Omit the images and retype the records verbatim.

==== SOURCE MATERIAL

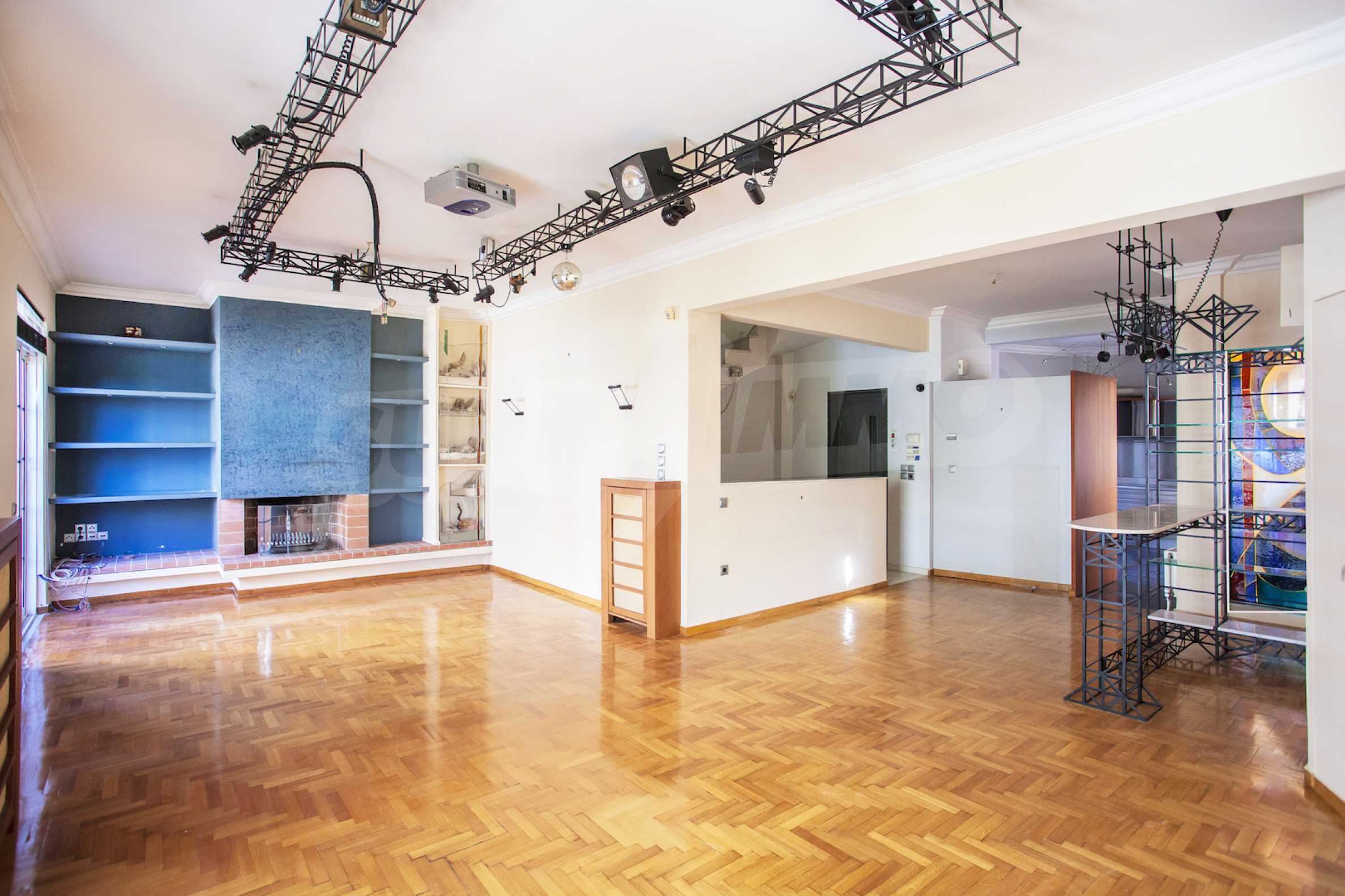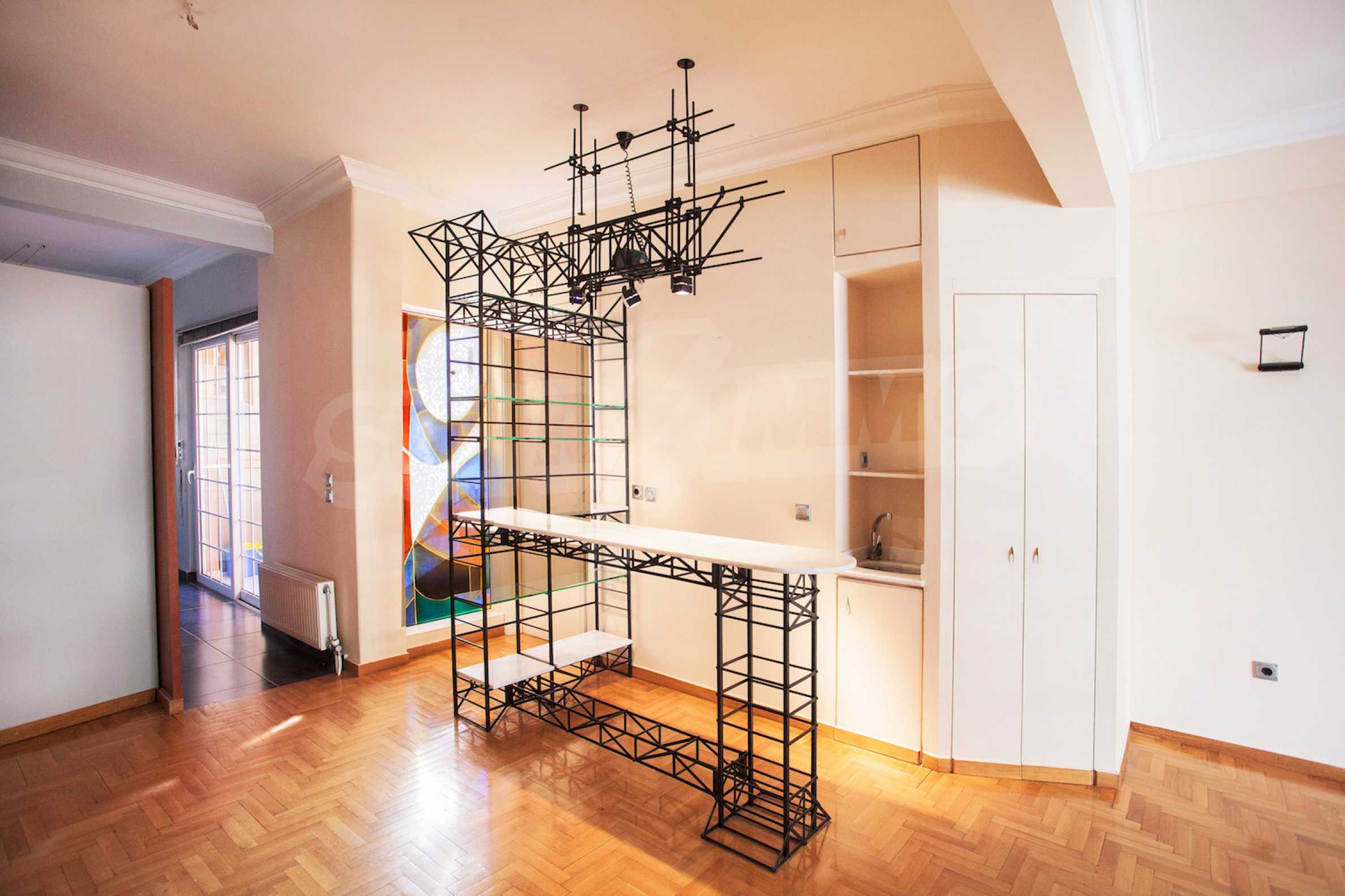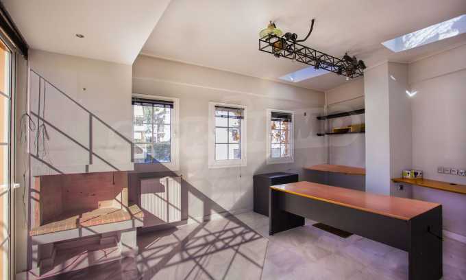 The first floor has an area of 85 sq.m. It is connected to the ground floor with a metallic circular staircase and a lift. It consists of a large room with a large balcony, two smaller rooms with a common balcony, a kitchenette and a toilet. The ground and 1st floors are provided for professional services and office premises. They can easily separate from the rest of the building and form a separate apartment
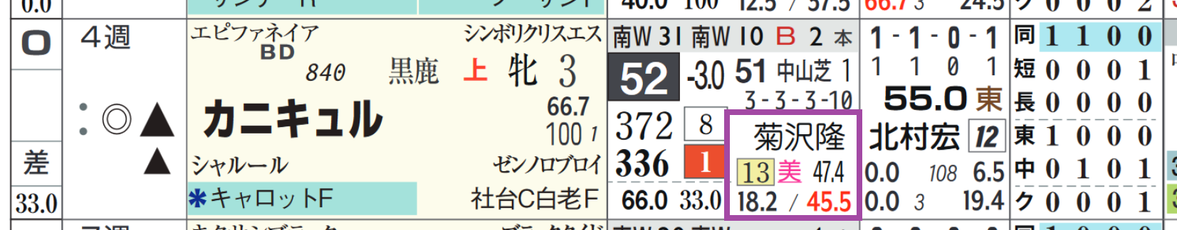菊沢厩舎は東京の芝の複勝率40%超えと優秀。
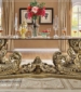 Desain meja makan klasik yang di beri sentuhahan warna finishing Gold Antique (Duco), menonjolkan kesan mewah dan eksklusif. Motif emas terlihat pada setiap ukiran khas mebel jepara menjadikan setiap seni ukir yang ada di meja makan mewah ini terlihat sangat cantik, selain itu juga di tambahkan Busa Royal Foam (LJ26) Empuk & kenyal dengan di balut Kain Oscar Leather (Impor) menambah keistimewaan pada produk ini.
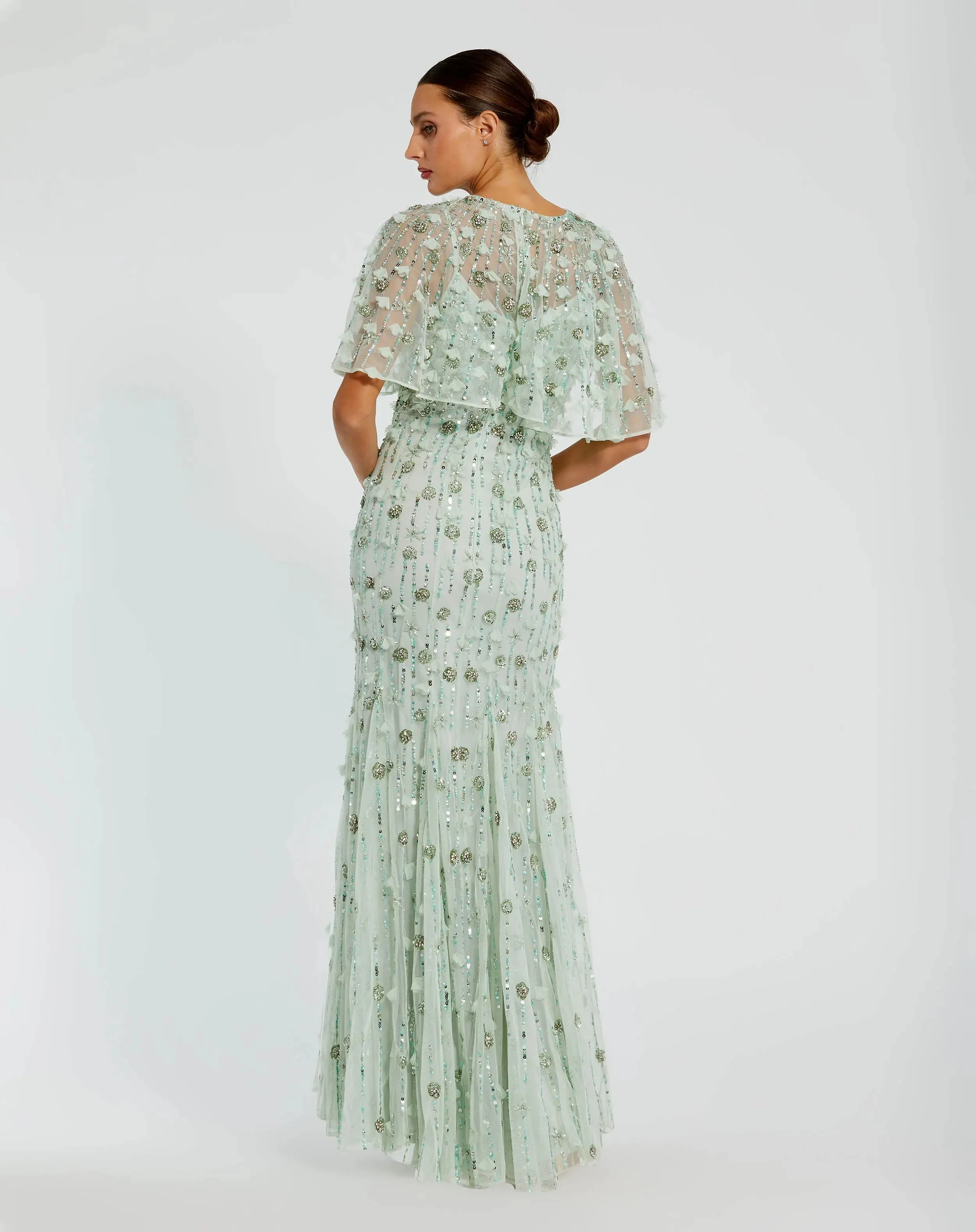 Green Embellished Illusion Cape Sleeve Trumpet Gown
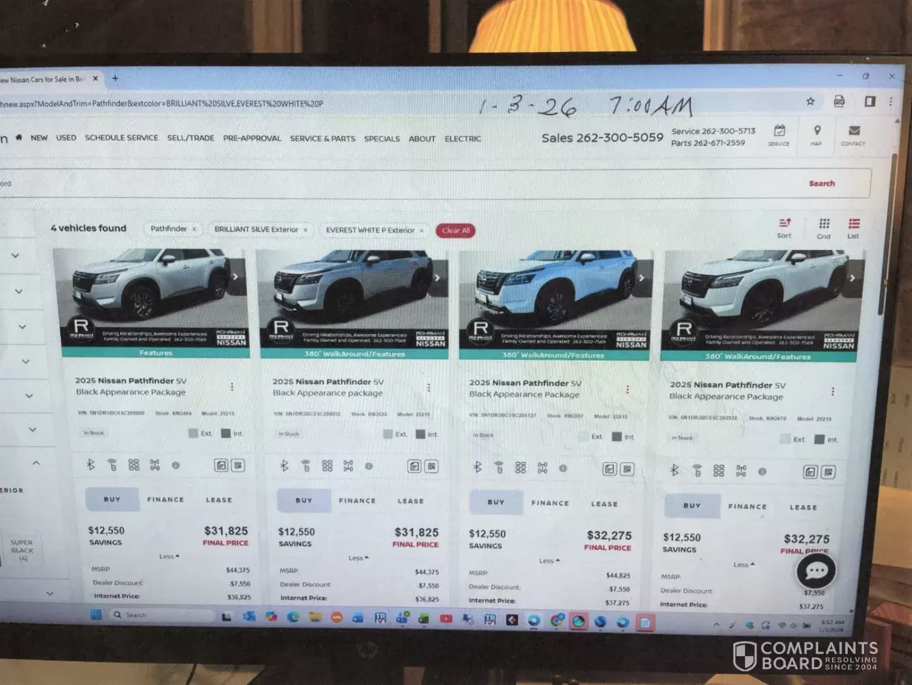 Tried to buy a 2025 Nissan Pathfinder SV SIlver advertised FINAL PRICE for $31,825. With TTL of $449 and Taxes of about $1700 that only $34K which is fine. That was the OTD price quoted to me on the phone by "Rosa" who said she was the i internet sales manage. Price ended up being over $37K with paint protection and logac type device both worthless when "SHAWN" the manage met me in the office. They would not adjust the price down to the advertised price (see attached)
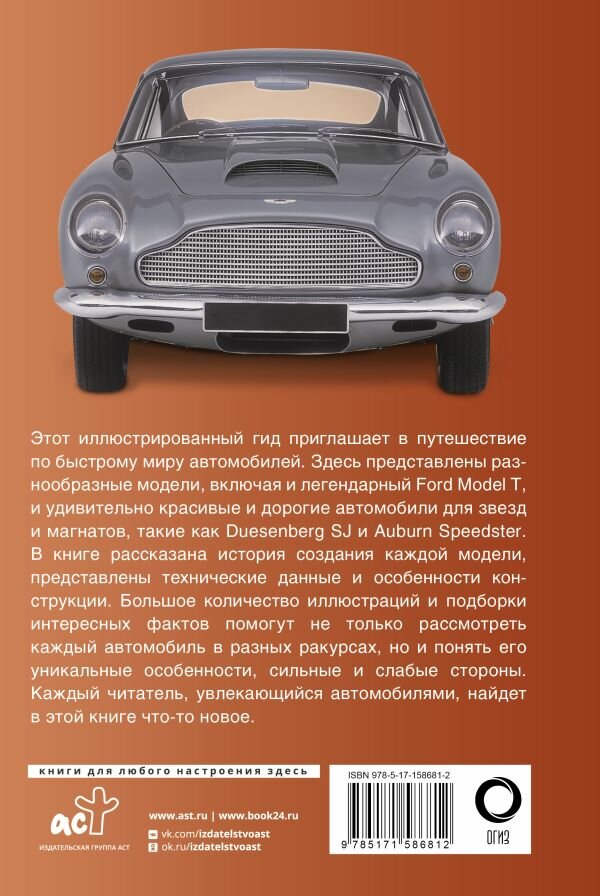 Этот иллюстрированный гид приглашает в путешествие по быстрому миру автомобилей. Здесь представлены разнообразные модели, включая и легендарный Ford Model T, и удивительно красивые и дорогие автомобили для звезд и магнатов, такие как Duesenberg SJ и Auburn Speedster.
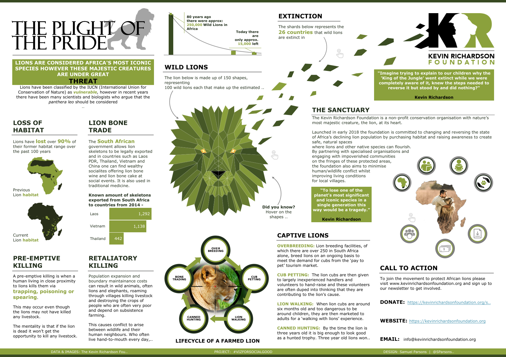 Michael: You have been involved with #VizForSocialGood. I loved your The Plight of the Pride data visualization. Can you tell us a bit about The Kevin Richardson Foundation?

========

- **ANSWER TO THIS PROBLEM**:
 The first floor has an area of 85 sq.m. It is connected to the ground floor with a metallic circular staircase and a lift. It consists of a large room with a large balcony, two smaller rooms with a common balcony, a kitchenette and a toilet. The ground and 1st floors are provided for professional services and office premises. They can easily separate from the rest of the building and form a separate apartment
菊沢厩舎は東京の芝の複勝率40%超えと優秀。
 Desain meja makan klasik yang di beri sentuhahan warna finishing Gold Antique (Duco), menonjolkan kesan mewah dan eksklusif. Motif emas terlihat pada setiap ukiran khas mebel jepara menjadikan setiap seni ukir yang ada di meja makan mewah ini terlihat sangat cantik, selain itu juga di tambahkan Busa Royal Foam (LJ26) Empuk & kenyal dengan di balut Kain Oscar Leather (Impor) menambah keistimewaan pada produk ini.
 Green Embellished Illusion Cape Sleeve Trumpet Gown
 Tried to buy a 2025 Nissan Pathfinder SV SIlver advertised FINAL PRICE for $31,825. With TTL of $449 and Taxes of about $1700 that only $34K which is fine. That was the OTD price quoted to me on the phone by "Rosa" who said she was the i internet sales manage. Price ended up being over $37K with paint protection and logac type device both worthless when "SHAWN" the manage met me in the office. They would not adjust the price down to the advertised price (see attached)
 Этот иллюстрированный гид приглашает в путешествие по быстрому миру автомобилей. Здесь представлены разнообразные модели, включая и легендарный Ford Model T, и удивительно красивые и дорогие автомобили для звезд и магнатов, такие как Duesenberg SJ и Auburn Speedster.
 Michael: You have been involved with #VizForSocialGood. I loved your The Plight of the Pride data visualization. Can you tell us a bit about The Kevin Richardson Foundation?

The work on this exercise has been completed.